Sotto un pallido cielo di stelle senza luna, con appena quattro stampi di latta ad una dimensione, infilati fra pietre e sassi, nella direzione del vento che quasi sempre proveniva dal mare, fosse maestrale, tramontana o vento di levante. I combattenti chiamati anche gambette o gambettoni , detti anche trampolieri muti, si sarebbero posati fra gli stampi e Serio, cacciatore attento, avrebbe percepito le movenze delle ali e il correre fra il pietrisco. Premeva il grilletto solo quando era sicuro che alla fucilata ne sarebbero stati abbattuti un buon numero. E nel sacco di iuta riponeva le prede senza vita. Tirava avanti fino alle prime ore del mattino, soprattutto se il passo era iniziato nella notte fonda. Passavano anche le marzaiole che non amavano posarsi fra i chiari della battigia e Serio, poco abile nel tiro a volo, le lasciava andare. Nelle notti propizie i volatili si alternavano di continuo a posarsi fra quegli stampi. L'uomo cacciatore percepiva anche la voce del piviere dorato che gli ricordava il sibilo del proiettile nella trincea alpina che lo avrebbe potuto uccidere. Lui che non era nato fra i monti, ma nelle sconfinate terre del sud, e qui doveva e voleva ancora vivere.

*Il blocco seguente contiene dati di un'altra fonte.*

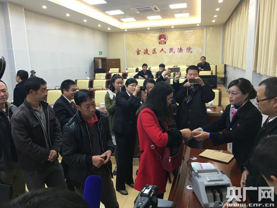 當天,共有40余名申請人從法官手中接過629萬元執行款。(央廣網發 李騰飛 攝)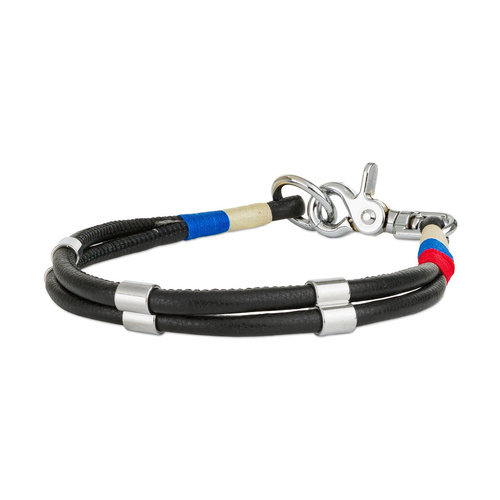 ( ilość produktów: 3914 )Barry King Obroża linowa, S: 46 cm/6 mm, czarny, wstawki niebieskie/czerwone

Ma ora la caccia lo distraeva dal dolore del mondo e lo riempiva di vita. Non aveva richiami, né avrebbe saputo usarli; eppure qualche volta imitava con la stretta delle labbra il fischio flebile con cui interrogava, nel pauroso silenzio della trincea, l'amico di guerra. E a qual labile fischio spesso gli provenivano da ogni dove, gambette, pivieri, pettegole, pantane, chiurli, e così via. Ma erano soprattutto le gambette a presentarsi in abbondanza; mute nella vita, mute nella morte. Alle prime luci del mattino, don Serio dopo aver riempito il carniere, programmava, sbirciando l'orologio a taschino, la sua giornata di lavoro nei campi, dove sarebbe stato aiutato dal giovane figlio Antonio che preferiva dormire più che accompagnarsi al padre. Così l'antico milite e cacciatore trascorreva le notti dell'ultima decade di marzo di quel tempo lontano, quando non esistevano che poche leggi sulla caccia, e gli uomini veri si portavano dentro quelle scritte nella coscienza da Madre Natura. Gli uccelli di San Giuseppe abbondavano sulle spiagge del sud, in attesa di risalire verso le terre paleartiche dove avrebbero nidificato. Con quella selvaggina spesso arricchiva il desco dei poveri e dei bisognosi che a cavallo delle due guerre, abbondavano nel sud della nostra penisola.
Poi arrivarono le leggi venatorie che giustamente previdero il divieto della caccia notturna. Don Serio con più di novant'anni sulle spalle, smise sia di lavorare nei suoi orti che furono ereditati dal figlio Antonio, e sia di praticare l'arte di Diana. Ma la sua anima, ricca di esperienze di caccia e di vita, si aprì ai giovani che volevano seguirne la passione, e questi furono affascinati da quella voce narrante che se pur ricca di errori e incertezze, e spesso in versione dialettale, era voce maestra. E spiegò loro il dolore della guerra in trincea, dove aveva conosciuto il grande Ungaretti, e parlò loro anche di caccia nelle notti stellate e senza luna, di tanti e tanti uccelli che aveva visto sentito e abbattuto, i cui nomi scientifici delle volte gli erano sconosciuti. Negli ultimi anni della sua vita gli chiesi che ne pensasse dei giorni fissi stabiliti dalle leggi sulla caccia, e mi rispose semplicemente che chi deve stabilire quando e dove recarsi a caccia non deve farlo la legge, bensì il cacciatore. Don Serio non c'è più, ma mi pare di aver capito dal suo insegnamento che la caccia è un diritto naturale, come ha affermato anche lo stesso Leopardi, definendola passione secondo natura. E con pace di tutti.